EBITDA represents net income before interest, taxes, depreciation and amortization. EBITDA is presented because NRG considers it an important supplemental measure of its performance and believes debt-holders frequently use EBITDA to analyze operating performance and debt service capacity. EBITDA has limitations as an analytical tool, and you should not consider it in isolation, or as a substitute for analysis of our operating results as reported under GAAP. Some of these limitations are:
| • | | EBITDA does not reflect cash expenditures, or future requirements for capital expenditures, or contractual commitments; |
|
| • | | EBITDA does not reflect changes in, or cash requirements for, working capital needs; |
|
| • | | EBITDA does not reflect the significant interest expense, or the cash requirements necessary to service interest or principal payments, on debts; |
|
| • | | Although depreciation and amortization are non-cash charges, the assets being depreciated and amortized will often have to be replaced in the future, and EBITDA does not reflect any cash requirements for such replacements; and |
|
| • | | Other companies in this industry may calculate EBITDA differently than NRG does, limiting its usefulness as a comparative measure. |
Because of these limitations, EBITDA should not be considered as a measure of discretionary cash available to use to invest in the growth of NRG’s business. NRG compensates for these limitations by relying primarily on our GAAP results and using EBITDA and adjusted EBITDA only supplementally. See the statements of cash flow included in the financial statements that are a part of this news release.

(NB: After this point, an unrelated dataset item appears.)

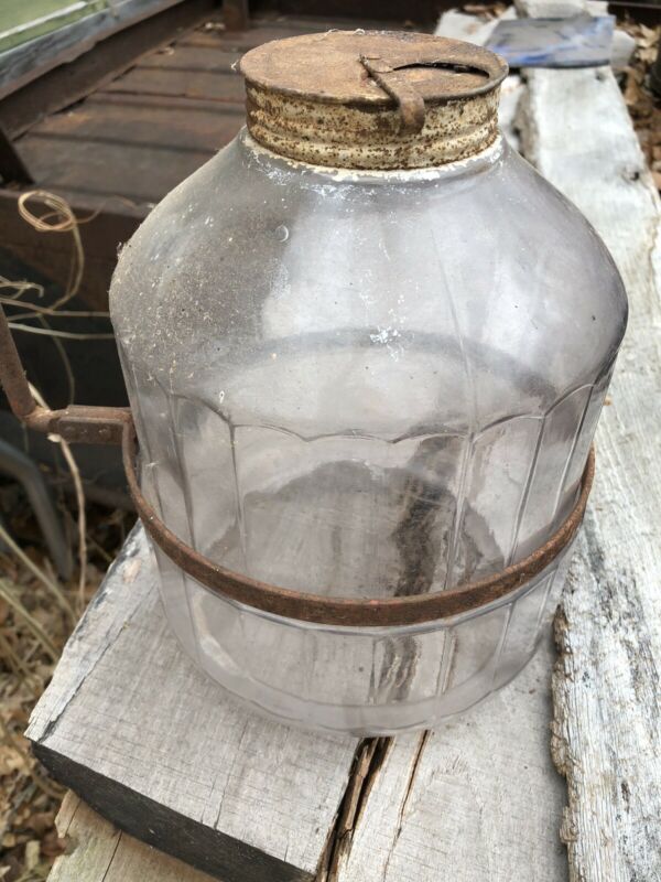 VINTAGE ORIGINAL GLASS HOOSIER CABINET/PANTRY SUGAR JAR And BRACKET 1915 Vintage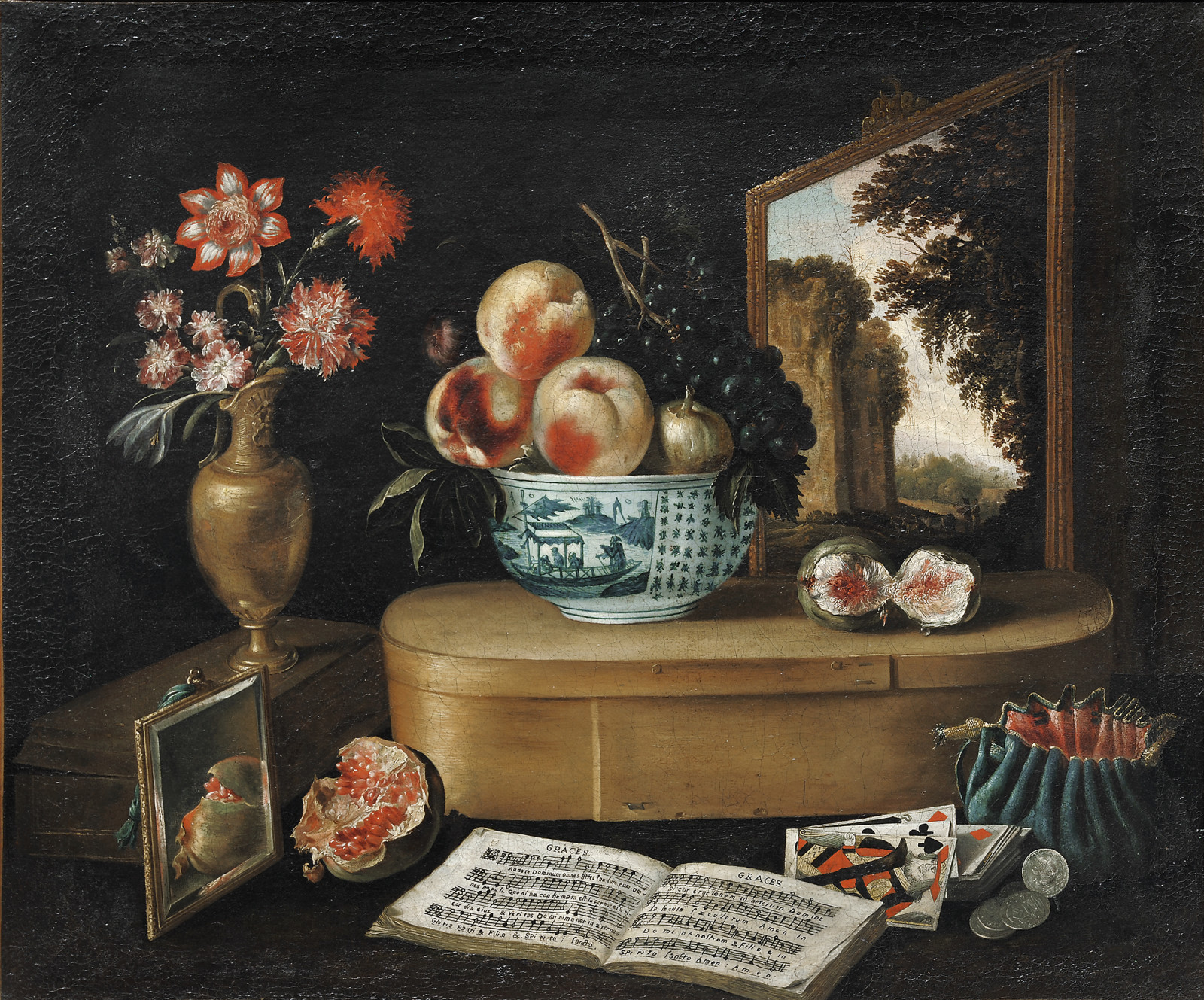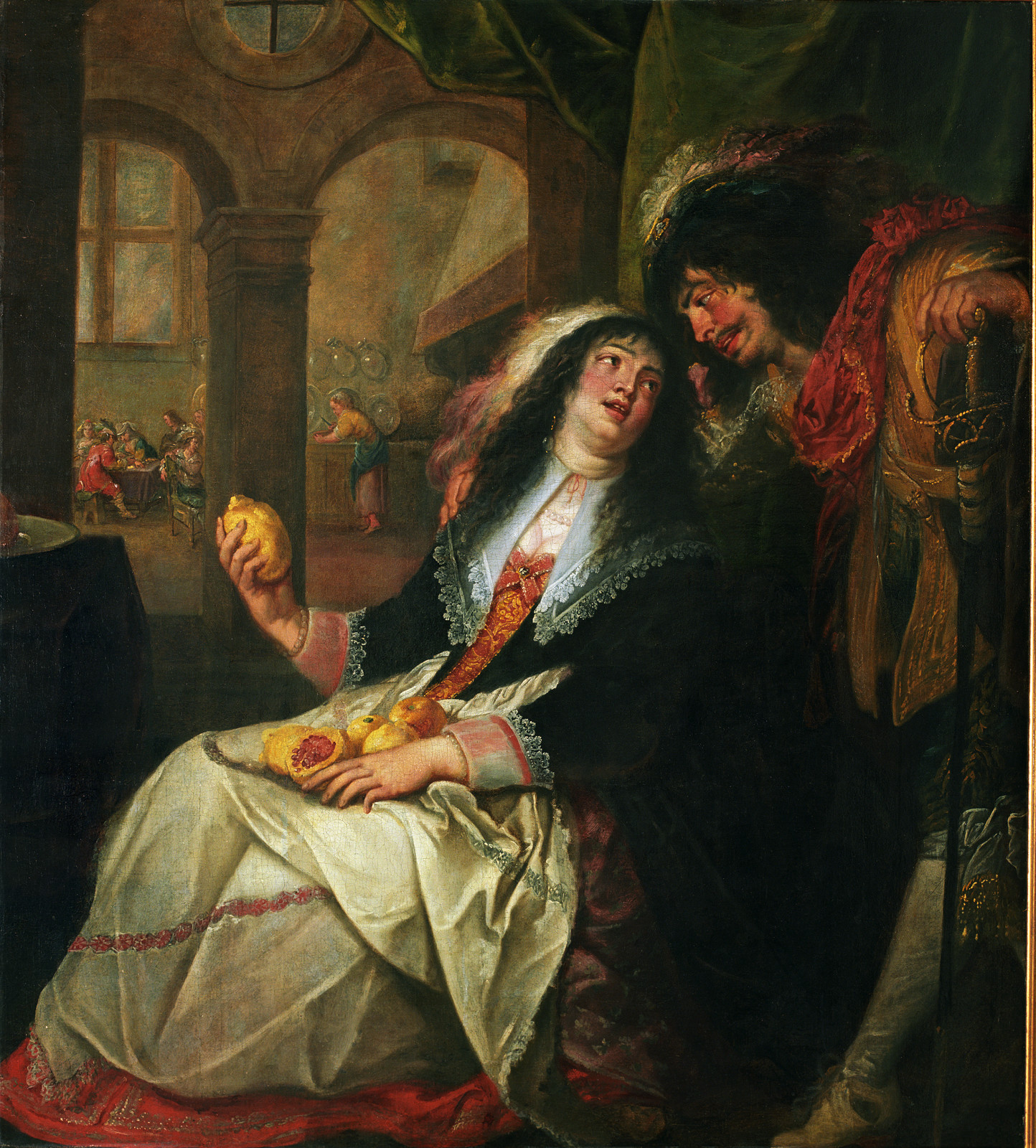 Simon de Vos is known mainly for his genre paintings and portraits. This painting links both strengths. The two main figures dominating the foreground of the composition testify to the ability of the artist as a portraitist. Their positioning, the subtle colours used and most especially the proportions of these figures lend them an impressive presence. The expression on their faces reveals their love and the inclusion of lemons and pomegranates, symbols of faithfulness and passion respectively, is further witness to the nature of their relationship. The moral ‘ after - taste ’ of the lemon, to which 17th-century healing practices attributed a tempering influence, is a summons to enjoy things in moderation. At the same time, the contrast between their alluring, golden exterior and sour interior expresses a warning against being deceived by what one sees and against the bitter - sweet aspects of love. In the context of the senses, the allegories of touch, sight, taste and smell are entwined here with the relationship between man and woman and its erotic connotations.

Adjusted EBITDA is presented as a further supplemental measure of operating performance. Adjusted EBITDA represents EBITDA adjusted for the hedge reset, restructuring, impairment and corporate relocation charges, discontinued operations, and write downs and gains or losses on the sales of equity method investments and other assets; factors which we do not consider indicative of future operating performance. The reader is encouraged to evaluate each adjustment and the reasons NRG considers it appropriate for supplemental analysis. As an analytical tool, adjusted EBITDA is subject to all of the limitations applicable to EBITDA. In addition, in evaluating adjusted EBITDA, the reader should be aware that in the future NRG may incur expenses similar to the adjustments in this news release.
Free cash flow is cash flow from operations less capital expenditures and preferred stock dividends and is used by NRG predominantly as a forecasting tool to estimate cash available for debt reduction and other capital allocation alternatives. The reader is encouraged to evaluate each adjustment and the reasons NRG considers it appropriate for supplemental analysis. In addition, in evaluating free cash flow, the reader should be aware that in the future NRG may incur expenses similar to the adjustments in this news release.